Pour déconfiner les imaginaires, le montage des 77 vidéos s’ouvre sur les stimulantes et inventives Dancewalk collectives, partageuses, frondeuses, festives conduites aux quatre coins de la planète par le chorégraphe et interprète Foofwa d’Imobilité. De Saint-Pétersbourg à la Chaux de Fonds, de Paris à Bamako, ces danses parades de rues se cristallisent depuis 2015 sur une pratique de «l’êtreprésentlibre». Cet état de permet aux œuvres d’être perméables à l’imprévisible, au spontané, à l’authentique.

La Dancewalk? Une aventure humaniste à travers un acte artistique dans l’espace public. Ainsi, en caméra semi-cachée, à Téhéran, Foofwa d’Imobilité esquisse des mouvements dansés scandant sa marche détendue et ciselée parmi la foule d’un bazar ou dans le sillage d’une étudiante portant le foulard obligatoire. Ensuite, il se glisse sous une allée couverte en chantier pour un solo rapatriant nombres des composantes de son travail chorégraphique depuis 2000. L’air de rien, voici un exploit d’une rare audace au chapitre de la liberté d’expression. En Iran, la danse est strictement interdite dans l’espace public. Et allier la marche et la danse est une manifestation subversive.

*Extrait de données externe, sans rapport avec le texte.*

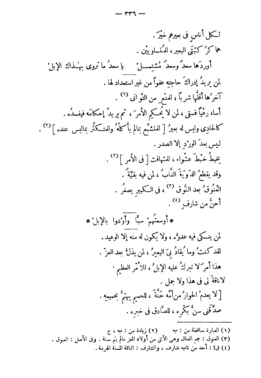 لمن يريد إدراك حاجته عفواً من غير استعداد لها. آخرها أقلها شرباً، للمنع من التواني. أساء رعياً فسقى، لمن لا يحكم الأمر، ثم يريد إحكامه فيفسده. كالحادي وليس له بعير، للمتشبع بما لم يأكله وللمتكثر بما ليس عنده. ليس بعد الورد إلا الصدر. يخبط خبط عشواء، للمتهافت في الأمر. وقد يقطع الدوية الناب، لمن فيه بقيةٌ. العنوق بعد النوق، في الكبير يصغر. أحنّ من شارفٍ.

«Un.e dancewalkeureuse est tout à la fois concentré sur la performance et ouvert à la discussion et interaction avec les autres et l’environnement, ce qui donne ce mélange d’application et de « décontractation »… En ce sens, une œuvre d’art « glocale », comme l’est une Dancewalk, ne peut plus être un objet post-industriel à reproduire et à distribuer à volonté. Sa production devient une entité vivante nécessitant l’intégration des particularités locales pour être achevée, nécessitant la collaboration d’autres personnes sur place afin d’être réalisée de manière équitable et unique», précise le site de l’artiste.

Grande variété des styles

Pour mémoire, chaque année, l’habituelle Scène danse est un événement public gratuit s’inscrivant dans le cadre de la Fête de la Musique, annulée entre-temps pour cause de Covid-19. Au préalable, le déménagement de l’Association pour la danse contemporaine à la Place Sturm avait conduit à reconfigurer ce rendez-vous très attendu.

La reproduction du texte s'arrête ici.